Precision granite castings are produced by mixing granite aggregates (which are crushed, washed, and dried) with an epoxy resin system at ambient temperature (i.e., cold curing process). Quartz aggregate filler can also be used in the composition. Vibratory compaction during the molding process tightly packs the aggregate together. Mechanical and thermo-mechanical properties can be improved further if fiber is used as well as the granite. Other resins in addition to the epoxy may also be used instead of fibers to improve properties such as water absorption. If porosity is controlled, damping effects can be improved further. Threaded inserts, steel plates, and coolant pipes can be cast-in during the casting process. To achieve an even higher degree of versatility, linear rails, ground slide-ways, and motor mounts can be replicated or grouted-in, therefore eliminating the need for any post-cast machining.

== Other definitions ==
Epoxy resins and granite, specifically waste granite dust, may be used in other applications such as floor coatings. Waste granite filings are produced in the mining industry, and the low density means this can be easily dispersed by winds and thus distributed in the environment. Research is being done on innovative solutions such as using waste granite powders in epoxy resins and designing binders for coatings based on this.

== Advantages ==

Epoxy granite materials have an internal damping factor up to ten times better than cast iron, up to three times better than natural granite, and up to thirty times better than steel fabricated structure.

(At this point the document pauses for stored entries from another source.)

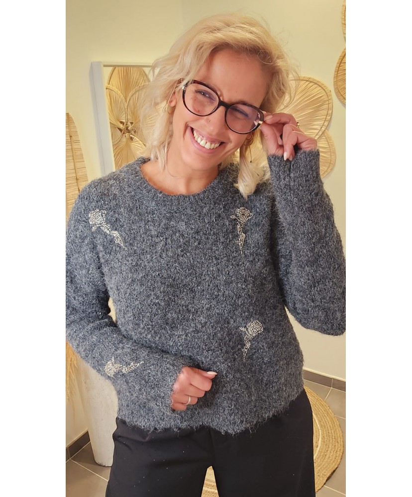 Pull Cosy Rose Strass - Olivia Infos
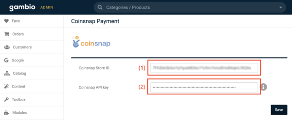 After you have saved the data, your Gambio shop is successfully connected to the Coinsnap app.
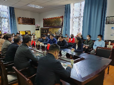 2022年5月12日下午,太阳成集团tyc9728数学科学院院长扎其劳,党委书记李联和一行10余位老师来我院交流学习,我院詹传郎院长主持会议。
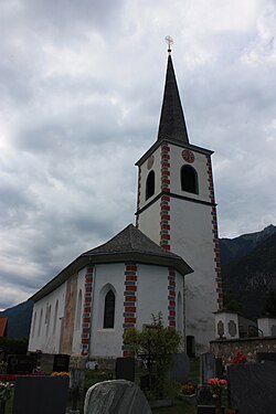 Die 1331 erstmals genannte Kirche ist ein mittelgroßer, gotischer Bau. Der Chor ist etwa gleich breit und gleich hoch wie das Langhaus und endet in einem Dreiachtelschluss. Die mit 1521 bezeichneten Fresken des heiligen Christophorus und einer Kreuzigungsgruppe an der äußeren Südwand wurden 1977 freigelegt. Der mächtige Turm an der Nordseite mit Mauerschlitzen und rundbogigen Schallfenstern wird von einem achtseitigen Spitzhelm bekrönt. Die eisenbeschlagene Tür an der Ostseite des Turmes führt in die Sakristei. Den Aufgang zum Turm bildet die Treppe an der Chornordseite. Die Westempore ist durch einen Treppenaufgang an der Nordseite und eine eisenbeschlagene, spätgotische Tür zugänglich. Man betritt die Kirche durch das erneuerte, spitzbogige Westportal.

Unlike iron and steel and alloys, which are vulnerable to corrosion without the application of paints, epoxy granite is generally resistant to most common solvents, acids, alkalis, and cutting fluids. The method of casting compared to steel allows easier inclusion of inserts etc. and thus reduced machining of the finished casting and reduced assembly time by incorporating multiple components into one casting. Polymer cast resins use very little energy to produce, and the casting process is done at room temperature.